De gevolgen van de leegloop kunnen groot zijn. De elitetroepen van de marine vormen samen met het Korps Commandotroepen de special forces van Nederland. Zij opereren in crisisgebieden als Afghanistan en Mali. Zij zijn getraind voor de zwaarste gevechtsoperaties en worden soms achter vijandelijke linies gedropt. Ook leiden zij in andere landen gevechtsmilitairen op, die vervolgens zelf de vijand uitschakelen. In Irak hebben de mariniers bijvoorbeeld Koerdische strijders getraind tegen IS.

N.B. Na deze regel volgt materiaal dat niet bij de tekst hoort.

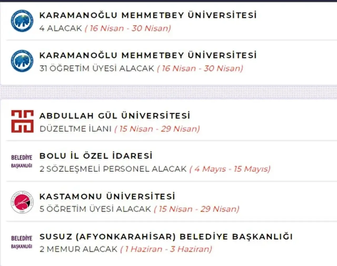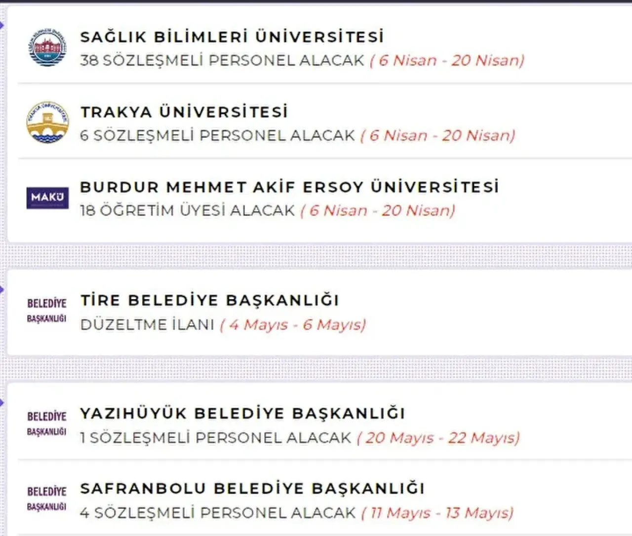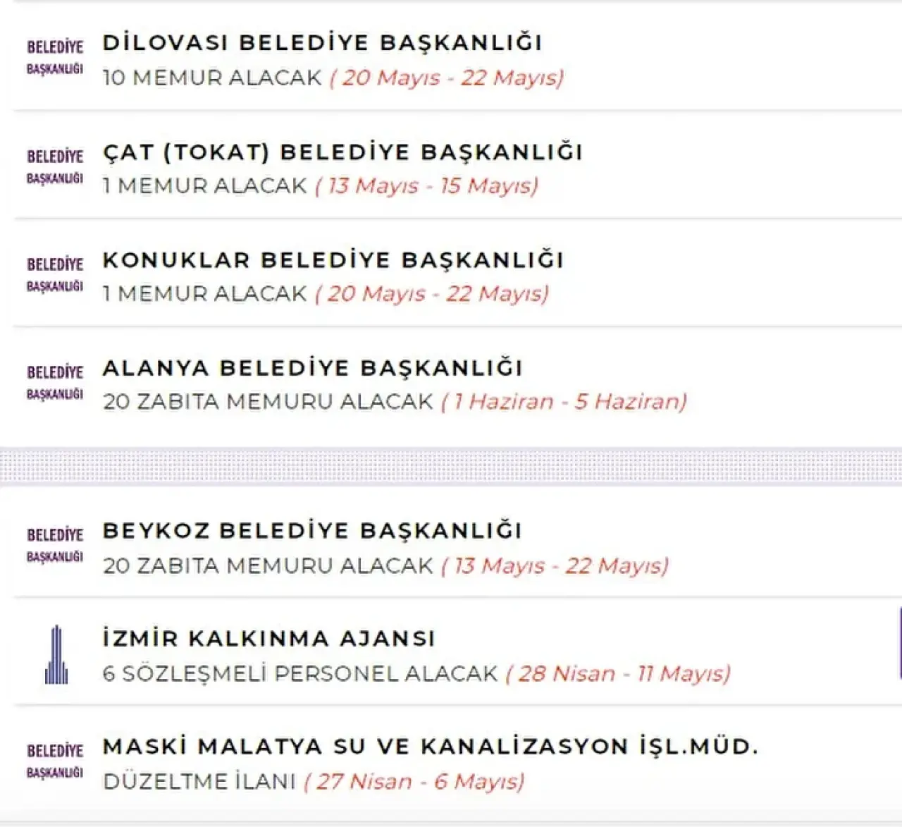 Bu kurumlar, farklı şehirlerde ve farklı kadrolarda alımlar yaparak istihdamı artırıyor.

'De mariniers zijn bovendien samen met de Dienst Speciale Operaties de aangewezen eenheid om op te treden na een eventuele terreuraanslag in Nederland', zegt Jean Debie van VBM. 'Zo'n groep moet je behouden.'

Het PVV-Kamerlid Gabriëlle Popken stelde vorige week Kamervragen nadat was uitgelekt dat het korps mariniers en de landmacht tijdelijk gevechtseenheden hebben moeten samenvoegen omdat er niet genoeg personeel is. Later deze week wordt ook meer bekend over de leegloop bij de commando's.